The seductive glances and gazes of Arabo-Perso literary imagery — some miscrossed, misinterpreted, some dead on target — is taken to the limits of its possibilities by Oum Kalthoum in her famous 1968 Rabat concert of “Howwa Sahih.”  She was at her vocal pinnacle at this concert and repeated one phrase of the poem over and over in practically every makam or mode of Arab classical music.

The lyrics of the concert footage below:

A look that I thought was (just) a salute and (that it) would pass quickly Turns out it carries promises and covenants and rejections and pains Promises that aren’t true and aren’t kept Covenants with who can’t be trusted And endurance of humiliation and denial But instead of saying enough of that I find myself saying oh God please more! How I wonder Well that’s what happened That’s what happened and I just don’t understand.

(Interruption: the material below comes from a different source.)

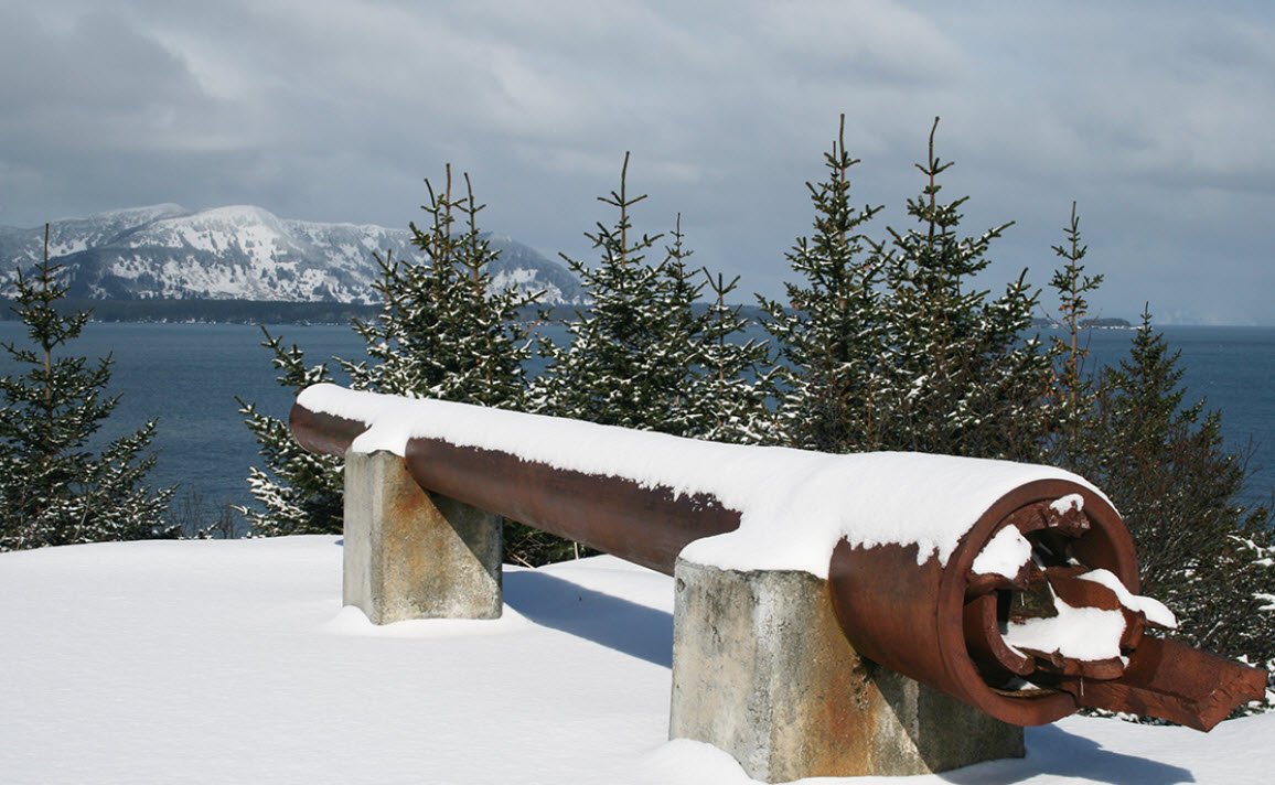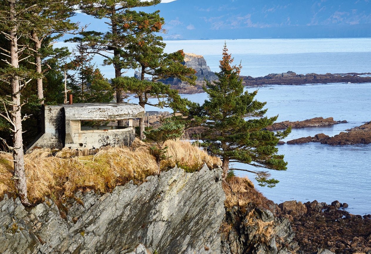 These fortifications, including gun emplacements, underground magazines, and building foundations, were constructed to protect the Kodiak Naval Base during the war but saw no combat action. The park features scenic bluffs overlooking the ocean, spruce forests, and meadows, providing a combination of natural beauty and historical significance.

I’ve pushed the video to 1:50 where she really starts to work the crowd, but at 3:16, she runs with that one word — “nazra” — in a show of breath control and vocal dynamics that makes the crowd so nuts that she can’t continue.  Her natural limits are, or course, amazing, but during this concert you get the sense that she pushes them to the extreme, sacrificing a little bit of musical perfection for the sake of conveying raw emotion — something Callas used to do as well.